### Task item:
Print this span of the material below exactly: the line with "Figure 5. Freshly", the line with "Midnight Rose Coral Bells foliage", and every line between them, but nothing else.

### Data for this exercise:
★ ★ ★

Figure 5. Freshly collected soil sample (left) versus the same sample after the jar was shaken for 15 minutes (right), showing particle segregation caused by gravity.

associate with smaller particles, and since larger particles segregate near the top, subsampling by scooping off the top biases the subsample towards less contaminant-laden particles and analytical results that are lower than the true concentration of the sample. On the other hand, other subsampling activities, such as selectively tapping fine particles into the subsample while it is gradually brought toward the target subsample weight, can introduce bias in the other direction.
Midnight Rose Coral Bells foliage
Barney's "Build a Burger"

★ ★ ★

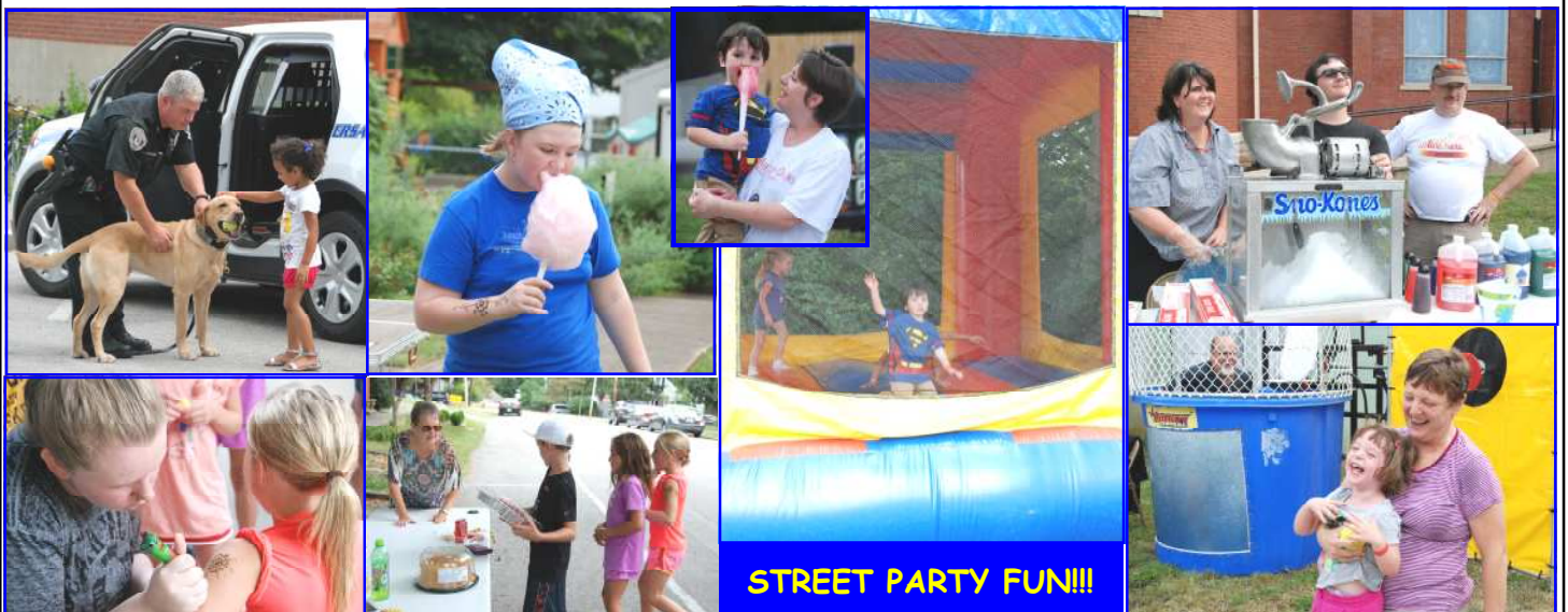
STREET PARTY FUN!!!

★ ★ ★

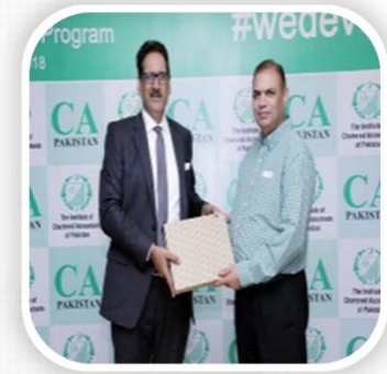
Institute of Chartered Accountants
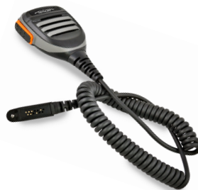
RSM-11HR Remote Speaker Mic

★ ★ ★

### Task output:
Figure 5. Freshly collected soil sample (left) versus the same sample after the jar was shaken for 15 minutes (right), showing particle segregation caused by gravity.

associate with smaller particles, and since larger particles segregate near the top, subsampling by scooping off the top biases the subsample towards less contaminant-laden particles and analytical results that are lower than the true concentration of the sample. On the other hand, other subsampling activities, such as selectively tapping fine particles into the subsample while it is gradually brought toward the target subsample weight, can introduce bias in the other direction.
Midnight Rose Coral Bells foliage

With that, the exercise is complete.